Commissioner Daniel M. Gallagher

U.S. Securities and Exchange Commission

Investment Adviser Association Investment Adviser Compliance Conference/2012, Arlington, VA

March 8, 2012

I want to thank David [Tittsworth] for inviting me to speak at this conference today. It is both an honor and a pleasure to speak to you this morning. The regulatory landscape for investment advisers has changed dramatically in the past two years, and programs like this one help ensure that we are all thinking hard about the consequences of this ongoing upheaval.

Before I begin my remarks, I must make clear that my comments today are my own, and do not necessarily represent the positions of the Commission or my fellow Commissioners.
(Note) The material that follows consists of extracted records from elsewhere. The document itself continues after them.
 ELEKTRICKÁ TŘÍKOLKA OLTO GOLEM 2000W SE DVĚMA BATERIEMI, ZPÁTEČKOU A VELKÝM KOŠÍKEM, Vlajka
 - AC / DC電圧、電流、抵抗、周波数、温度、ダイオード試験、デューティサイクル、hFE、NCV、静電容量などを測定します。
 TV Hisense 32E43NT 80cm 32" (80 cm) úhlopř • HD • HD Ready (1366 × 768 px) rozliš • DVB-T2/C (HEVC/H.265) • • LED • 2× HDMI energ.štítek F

As you are well aware, Congress passed the Dodd-Frank Act in July 2010, ushering in a sea change in the landscape of financial regulation. It may feel to you as if much of this regulatory change has already occurred, but in reality we have only begun to feel its effects. According to one law firm, the SEC has finalized only 18 of the 98 rules mandated by Dodd-Frank. Additionally, Dodd-Frank required rulemaking by our sister financial regulatory agencies as well, and their work is also ongoing. As a side note, let me state unequivocally that I do not regard missing Dodd-Frank deadlines as a failure by any of the relevant agencies, including the SEC. Indeed, I am pleased that the Commission is moving deliberately in promulgating these complicated and novel rules, which will have vast implications for U.S. markets and market participants. Nonetheless, it is evident that the Commission and the markets will be working through the implications of Dodd-Frank for years to come.
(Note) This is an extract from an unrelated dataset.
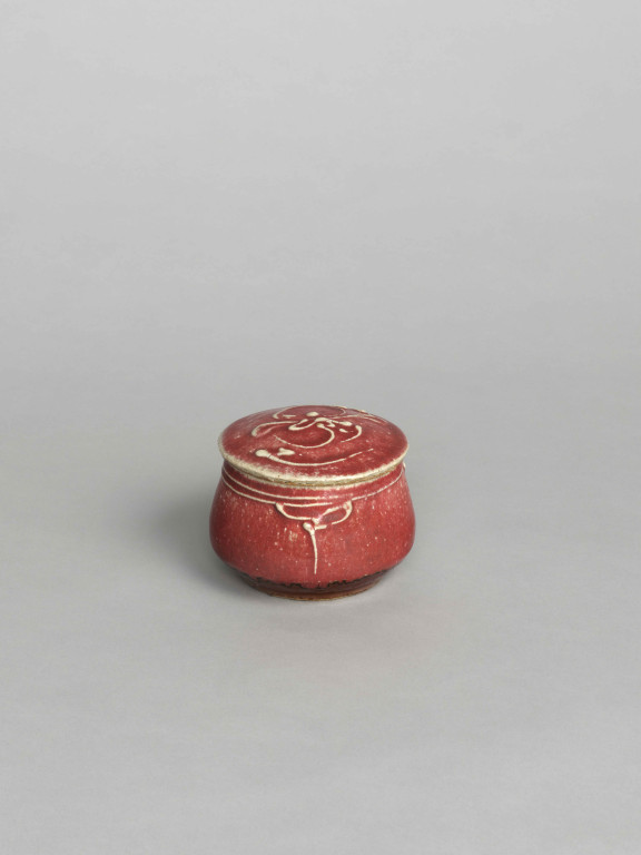 河井寬次郎:辰砂筒描花文食籠 (1950)

Despite (or perhaps because of) the Commission’s willingness to move slowly, Dodd-Frank has come to dominate the SEC’s regulatory calendar and is likely to continue to do so for some time. But as we follow through on Dodd-Frank implementation, the Commission must be careful not to lose its perspective. When Congress passes a new law, even one as sweeping as Dodd-Frank, it does so against a backdrop of existing laws and regulations and interpretations. In other words, Dodd-Frank does not exist in a vacuum. And although it explicitly amended our existing securities laws, the unamended portions of those laws continue to bind and guide the Commission in the exercise of its authority. Indeed, the agency has been administering these laws for decades, building up a deep reservoir of expertise and experience in regulating the securities markets. This knowledge and experience has been hard won: as we move forward with the bulk of our Dodd-Frank rulemakings, we should not turn away from that history.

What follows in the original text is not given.